Right before I came to the Getty I was a gallery director at Cerritos College. I found out that the Getty Villa was hiring preparators to pack up the antiquities and move them here and set them up for the re-opening in 2006. I thought later I would go back to teaching. But once you get to the Getty, you want to stay. The people I work with are great, and the Villa is a beautiful place to work.
LP: Is there a particular educational background that’s necessary for this job?
MA: I have a master’s degree in sculpture. The job description says you just need a high school diploma to apply for this job, but in fact three of the four preparators at the Getty Villa have master’s degrees.
LP: What other skills are helpful for this field of work?
MA: Working in groups. And as in any field, to be able to listen to people and communicate with them is a useful skill.
You also need really strong mechanical or fabrication skills. You have to be good at putting parts together, making things.
LP: What’s your favorite part of the job?
MA: I like mechanical design problems. For example, I often have to figure out how to mount a label or a banner. The designers know where they want to put things, but they don’t know how they actually get set up.
One of the nice things about working at the Villa is that there are only four preparators, so we all get to be carpenters and painters and metal fabricators.
LP: Are you an artist too?
MA: I’ve both painted and sculpted. Right now I’m building a studio in my back yard.

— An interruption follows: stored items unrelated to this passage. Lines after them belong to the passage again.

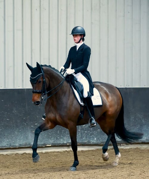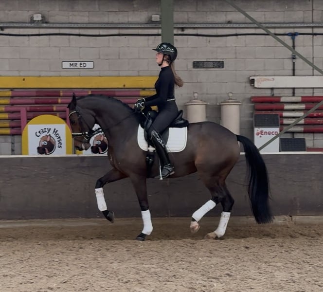 For sale: a wonderfully sweet mare with experience, quality, and a golden temperament We are pleased to offer this exceptionally gentle and affectionate mare for sale. A horse that stands out for her friendly nature, honesty, and versatility—both in sport and beyond. This mare has extensive competition experience. She is light and sensitive to ride, responds to very subtle aids, and is sharp without becoming hot or spooky. She gives her rider a wonderful feeling and remains consistently willing. Under saddle, she has an excellent walk, beautiful extended gaits, and easy changes. She performs flying changes effortlessly. In training, she already shows a correct and promising start of piaffe and passage. She also jumps a few small fences. In the arena, she always puts in her best effort and works with enthusiasm. She performs all exercises with great ease. In short, she is a very nice competition horse. She can be ridden both on snaffle and double bridle. Outside of dressage, she is also a very pleasant horse. She enjoys jumping, and in training, we occasionally do courses up to 1.00 m for variety. Additionally, she visibly enjoys forest and beach rides, which we do weekly, as well as relaxed walks in the woods on a lead. She is so trustworthy in handling that even a small child can walk safely with her. Incognito is very human-oriented, which strengthens the bond between horse and rider. She is very easy to handle: she is calm at the farrier, dentist, and during transport. Her temperament is calm, sensible, and free of panic. She always loves cuddles and scratches. She is in excellent health. In August 2024, she will undergo a full clinical and radiological examination, including neck and back, with no remarks. Incognito has no stable vices. We are looking for a very loving and suitable home where she will have all the opportunities in sport and receive proper attention. Please feel free to contact us by phone for more information or to arrange a meeting.
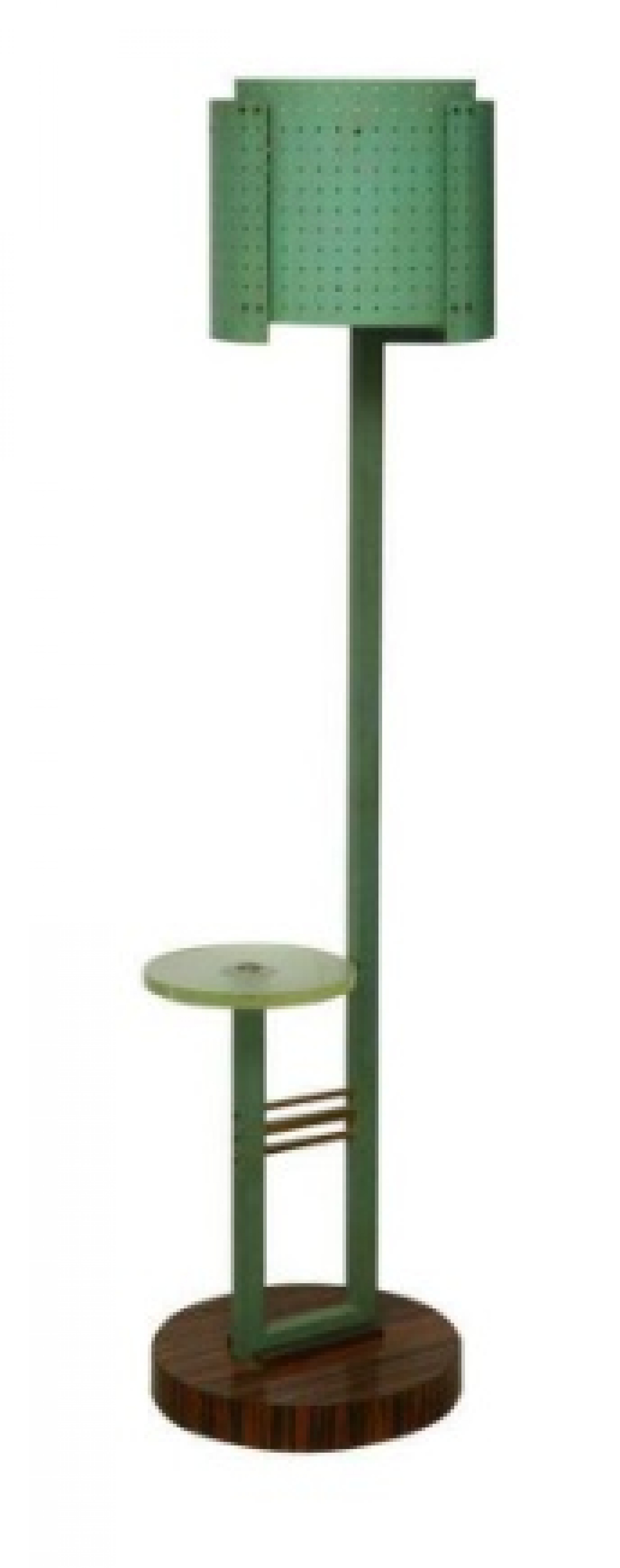 Art Deco floor lamp with a pierced metal shade above a square rod, which turns upward to create a circular glass tabletop, resting on an ebony de Macassar base. (GEORGES DJO-BOURGEOISE)
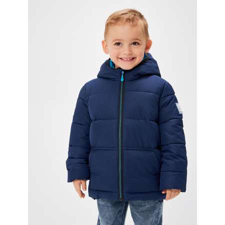 Утеплённая куртка для мальчика из ткани с водоотталкивающей пропиткой, с капюшоном. Подкладка выполнена из стандартной подкладочной ткани. Застёжка на молнию с внутренней планкой. Спереди два накладных кармана. На рукаве декоративный пэтч. Низ рукава и капюшон окантован эластичной лентой. Низ изделия регулируется внутренней утяжкой. Температурный режим от +10 до -10 С.
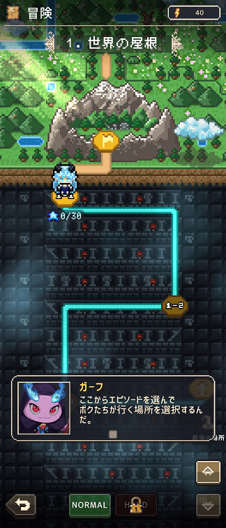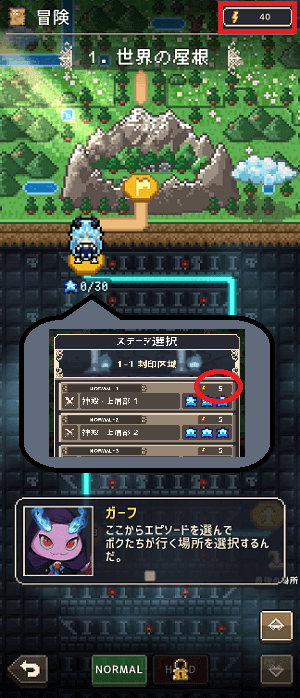 序盤は冒険のステージ選択で消費するスタミナ5に対して、所持スタミナ40とたっぷりあるので冒険をサクサク進められます。
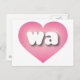 Este cartão-postal apresenta um coração cor-de-rosa com um centro lavado em branco contendo as letras maiúsculas em negrito, branco e arredondado, uma abreviação lúdica para Washington, o estado verde-vivo. O reverso da placa é vazio, aguardando seus sentimentos manuscritos ou texto personalizado.
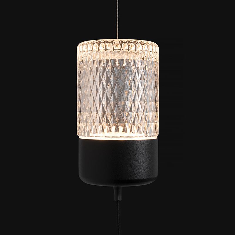光を拡散するオーナメントにはボリュームのある切子ガラスが採用されています。メッシュのように繊細なカットが光を美しく拡散します。最大の特徴でもある、重力が描く自然な放物線を形作るアームコードには、柔軟でリッチな布編みのコードが用いられています。

LP: Is it a special challenge to work with the antique objects that make up the Villa’s collection?
MA: The works are certainly older here at the Villa—except for the recent exhibition The Aztec Pantheon and the Art of Empire, which had “new” works, only about 500 or 1,000 years old. Because the works are older at the Villa, most everything has already been broken and repaired, which adds to its fragility. But really, the more modern pieces at the Getty Center are equally fragile.

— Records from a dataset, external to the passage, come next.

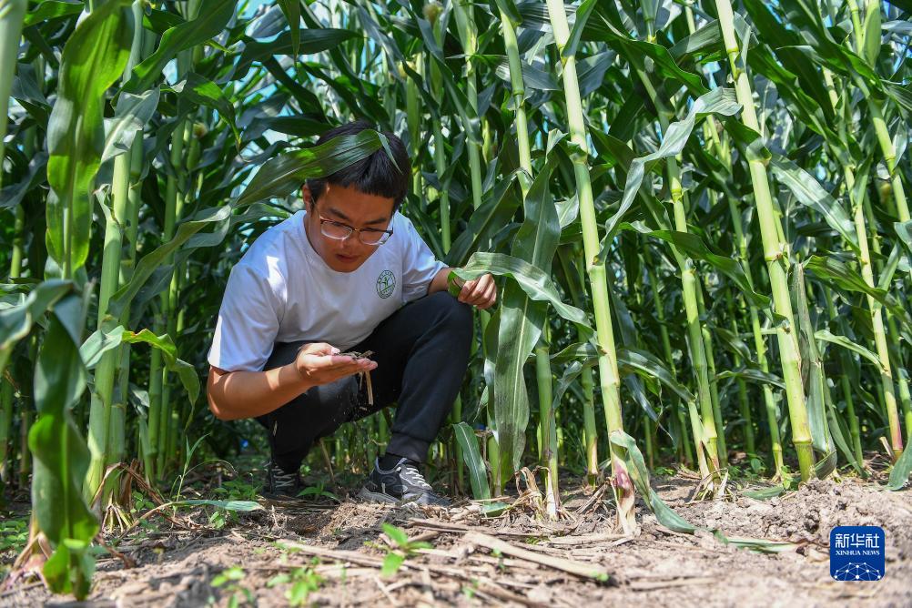 7月31日,在位于吉林省四平市梨樹縣的中國農業大學“科技小院”保護性耕作試驗田,在讀博士生沙野在查看秸稈覆蓋情況。
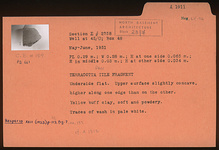 | Description: | Underside flat. Upper surface slightly concave, higher along one edge than on the other. Yellow buff clay, soft and powdery. Traces of wash in pale white. Cf. A 1912 (Σ 2759). | |
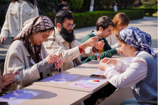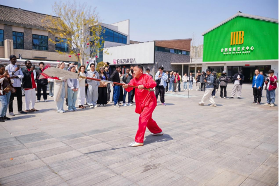 第三站,采风团来到青年创意田园。迎目是几乎无边的金色油菜花海,让惯于在“钢铁丛林”中穿梭的留学生们眼前一亮,“竟有这样美的自然风光,而且就在市区。”正是春时好景,学生们乘坐游览车,在讲解员的带领下观赏了园区的热门景点。在瑶海音乐厅门口广场上,采风团欣赏了非遗老师带来的大洪拳表演,还与老师“切磋一二”,点燃了热闹的氛围。

Our goal is that nothing will ever suffer even the minutest bit of damage. Whether it’s our own work or on loan, it should look the same when it goes on display as when it comes down.

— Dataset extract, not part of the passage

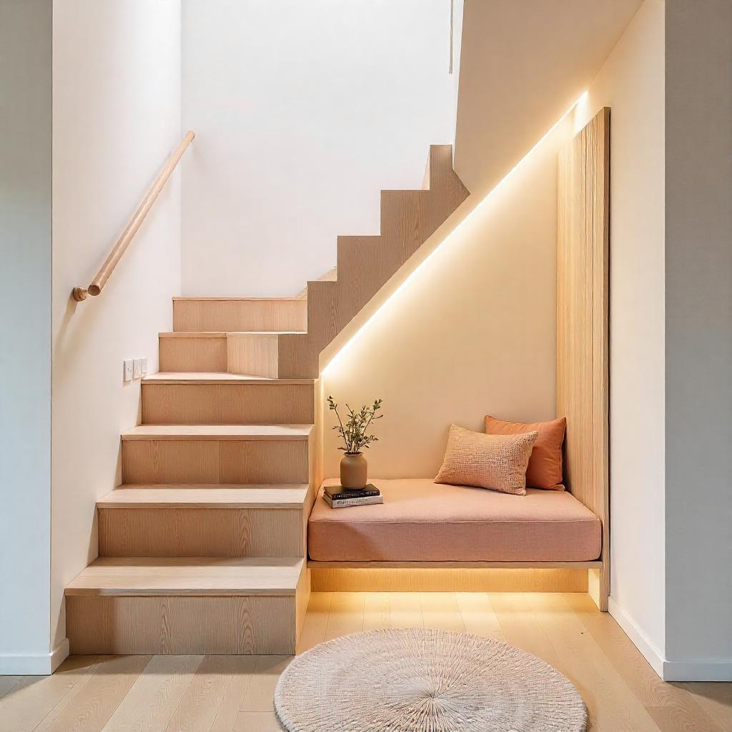 Tangga rumah sempit dapat dimanfaatkan secara multifungsi dengan menghadirkan area baca di bagian bawahnya. Bagian tembok samping tangga juga bisa dimaksimalkan sebagai tempat penyimpanan, misalnya rak buku atau laci. Dengan desain ini, aktivitas membaca atau menyimpan barang tidak memerlukan ruang tambahan. Setiap sudut tangga menjadi fungsional tanpa mengurangi sirkulasi atau estetika rumah. Konsep seperti ini membuat rumah terasa lebih terorganisir, rapi, dan nyaman untuk berbagai kegiatan sehari-hari.

It helps that a lot of the people here have worked as artists. One way to know how strong something is, is to break it. Of course, not the artifacts we work with! But if you’ve worked with stone, bronze casting, textiles, or any other medium, you have some idea of how fragile it is. We don’t learn from breaking ancient artifacts, but from breaking sculptures we’ve made ourselves.
LP: Is there a project that was particularly challenging or memorable? With The Aztec Pantheon the objects were very large, and I’m wondering if that posed a challenge for the preparators.
MA: Some people like working with really small objects and others with huge ones. I find it more interesting, and in a way more comfortable, to handle larger sculptures.
We did a show in 2009 called The Golden Graves of Ancient Vani, which had tons of small pieces of gold jewelry and beads. Handling these is a different sort of talent. You have to wear magnifying glasses when you’re working with objects on that scale. I guess I’d rather set up larger sculptures than tie little gold earrings to a mount with a tiny amount of filament.
LP: Tell me what it’s like to de-install The Aztec Pantheon and set up the next show, The Art of Ancient Greek Theater.
MA: The Aztec show was challenging because some of the objects were ceramic. Several works arrived in multiple pieces, and it took about a day to set up each piece. They’re ceramic with a metal armature inside, and they have to be interlocked in a certain way and stood up. So those are really interesting to take apart as well.
After the Aztec objects are packed up in crates and shipped out, we’ll take the exhibition furniture out of the gallery. The next team will come in and paint the gallery for The Art of Ancient Greek Theater. Then we’ll move in the new exhibition furniture. When the theater objects come in, we’ll unpack them and start installing. And be ready for whatever new problems need to be solved!